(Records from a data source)

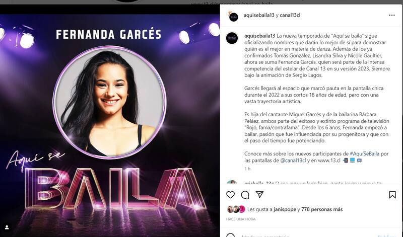 "Aquí se Baila" está tomando forma. Este 11 de enero, el programa de Canal 13 confirmó a su cuarta participante para su tercera temporada, la que aún no tiene fecha de estreno.
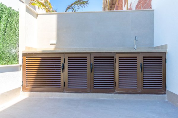 Diese atemberaubenden Villen sind in einem modernen Stil mit hochwertigen Oberflächen gebaut. Die Villen machen das Beste aus dem Leben im Freien in Spanien mit einem großzügigen privaten Garten und Terrassenbereich einschließlich eines privaten Swimmingpools. Der Außenbereich wird durch zwei private Sonnenterrassen für jedes Schlafzimmer im ersten Stock und eine große Dachterrasse von fast 40 m2 erweitert, auf der man den ganzen Tag die Sonne genießen kann. Jedes der Häuser verfügt über einen Grillplatz mit Spüle, der entweder im Garten oder auf der Sonnenterrasse installiert ist.
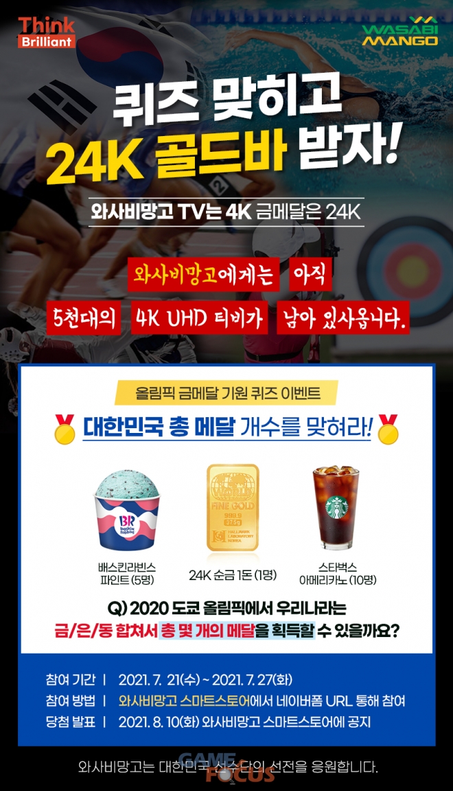 와사비망고 마케팅 담당자는 “대한민국 선수단의 선전을 응원하기 위해 이번 퀴즈 이벤트를 기획했다”면서 “힘든 시기에 진행하는 올림픽인 만큼 외부가 아닌 집에서 TV를 통해 감동의 순간을 함께 하시길 바란다”고 밝혔다.
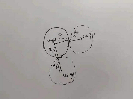 圆形间碰撞检测可以简单地通过两圆心间距离与两圆半径之和的比较做判断,当两圆心距离小于两圆半径之和时则发生碰撞。
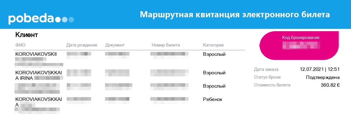 На обратный путь, когда в Краснодар из Петербурга летели уже четверо человек, мы взяли билеты у лоукостера «Победа». Они были недорогие — 30 717 Р за четверых, но невозвратные.
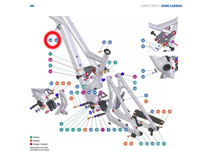 Le guide gaine supérieur Mondraker pour cadre Dune Carbone sert à bloquer la gaine à son entrée dans le cadre. Voir éclaté.
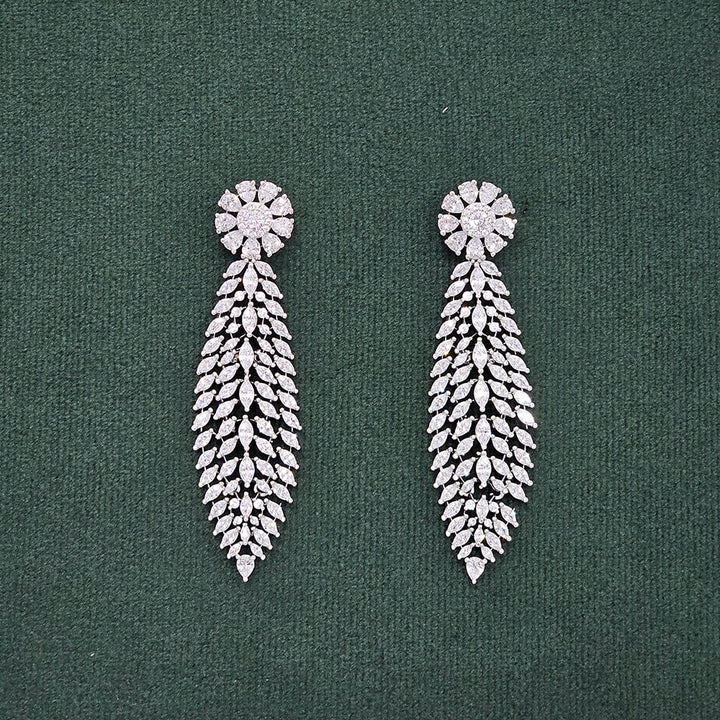 437529 Cubic Zirconia Long Earring With 2 Tone Rhodium Plating
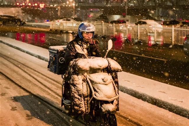 风雪夜里外卖哥 吴腊生摄
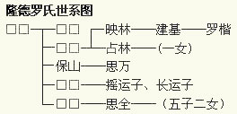 隆德罗氏世系 隆德县原属甘肃平凉,1958年改隶宁夏固原。 隆德城关王兴湾村罗氏原籍山西,据老一辈人传言,祖上是从山西(一说从洪洞大槐树,一说从晋国或晋城)搬迁到甘肃庄浪罗家的,时间大概是明朝或者更早。罗氏家族在当时当地可谓是大户,但不知因为什么缘故(有传言是因错而发配)从山西往外搬。离开山西时,有四支亲房,一支去了东北,一支去了湖南,一支来了宁夏,还有一支去了福建一带。 民国十九年(公元1930年),太(曾)祖父祖母带着五个儿子,从甘肃庄浪罗家老庄举家迁往现宁夏隆德县城关王兴湾村。 大房祖、妣失考。 二房祖、妣名讳及生卒年失考。生有两子,长子讳占林,小字喜子,行武出身,多年当兵在外,后下落不明。单传一女,小字曼子;次子讳映林,小字根子,从小离家,寄身军旅,曾参加过台儿庄战役,后于1941年2月间,为逃避兵役,离开冯玉祥将军的部队,未回故土老庄罗家,只身落户于隆德县城关乡王兴湾村,娶妻郭氏芝兰,衍生一脉新枝。一子名建基,建基生一子名楷。 三房祖保山、妣黎月珍,生一男三女,子名思万,小字掌家子。 四房祖、妣名讳及生卒年失考。据传说四祖中年即下落不明,妣母后于今固原和尚铺出家。生有二男,长子小字摇运子,次子长运子,学名不详。 五房祖、妣名讳及生卒年失考。传说人称罗老五,客卒于平凉鸡毛洞。单传一子,名思全,小字牛来。思全生五子二女。

■ **WORK ITEM**: Print each entry exactly, leaving pictures out.

■ **SOLUTION TO THIS EXERCISE**:
 "Aquí se Baila" está tomando forma. Este 11 de enero, el programa de Canal 13 confirmó a su cuarta participante para su tercera temporada, la que aún no tiene fecha de estreno.
 Diese atemberaubenden Villen sind in einem modernen Stil mit hochwertigen Oberflächen gebaut. Die Villen machen das Beste aus dem Leben im Freien in Spanien mit einem großzügigen privaten Garten und Terrassenbereich einschließlich eines privaten Swimmingpools. Der Außenbereich wird durch zwei private Sonnenterrassen für jedes Schlafzimmer im ersten Stock und eine große Dachterrasse von fast 40 m2 erweitert, auf der man den ganzen Tag die Sonne genießen kann. Jedes der Häuser verfügt über einen Grillplatz mit Spüle, der entweder im Garten oder auf der Sonnenterrasse installiert ist.
 와사비망고 마케팅 담당자는 “대한민국 선수단의 선전을 응원하기 위해 이번 퀴즈 이벤트를 기획했다”면서 “힘든 시기에 진행하는 올림픽인 만큼 외부가 아닌 집에서 TV를 통해 감동의 순간을 함께 하시길 바란다”고 밝혔다.
 圆形间碰撞检测可以简单地通过两圆心间距离与两圆半径之和的比较做判断,当两圆心距离小于两圆半径之和时则发生碰撞。
 На обратный путь, когда в Краснодар из Петербурга летели уже четверо человек, мы взяли билеты у лоукостера «Победа». Они были недорогие — 30 717 Р за четверых, но невозвратные.
 Le guide gaine supérieur Mondraker pour cadre Dune Carbone sert à bloquer la gaine à son entrée dans le cadre. Voir éclaté.
 437529 Cubic Zirconia Long Earring With 2 Tone Rhodium Plating
 风雪夜里外卖哥 吴腊生摄
 隆德罗氏世系 隆德县原属甘肃平凉,1958年改隶宁夏固原。 隆德城关王兴湾村罗氏原籍山西,据老一辈人传言,祖上是从山西(一说从洪洞大槐树,一说从晋国或晋城)搬迁到甘肃庄浪罗家的,时间大概是明朝或者更早。罗氏家族在当时当地可谓是大户,但不知因为什么缘故(有传言是因错而发配)从山西往外搬。离开山西时,有四支亲房,一支去了东北,一支去了湖南,一支来了宁夏,还有一支去了福建一带。 民国十九年(公元1930年),太(曾)祖父祖母带着五个儿子,从甘肃庄浪罗家老庄举家迁往现宁夏隆德县城关王兴湾村。 大房祖、妣失考。 二房祖、妣名讳及生卒年失考。生有两子,长子讳占林,小字喜子,行武出身,多年当兵在外,后下落不明。单传一女,小字曼子;次子讳映林,小字根子,从小离家,寄身军旅,曾参加过台儿庄战役,后于1941年2月间,为逃避兵役,离开冯玉祥将军的部队,未回故土老庄罗家,只身落户于隆德县城关乡王兴湾村,娶妻郭氏芝兰,衍生一脉新枝。一子名建基,建基生一子名楷。 三房祖保山、妣黎月珍,生一男三女,子名思万,小字掌家子。 四房祖、妣名讳及生卒年失考。据传说四祖中年即下落不明,妣母后于今固原和尚铺出家。生有二男,长子小字摇运子,次子长运子,学名不详。 五房祖、妣名讳及生卒年失考。传说人称罗老五,客卒于平凉鸡毛洞。单传一子,名思全,小字牛来。思全生五子二女。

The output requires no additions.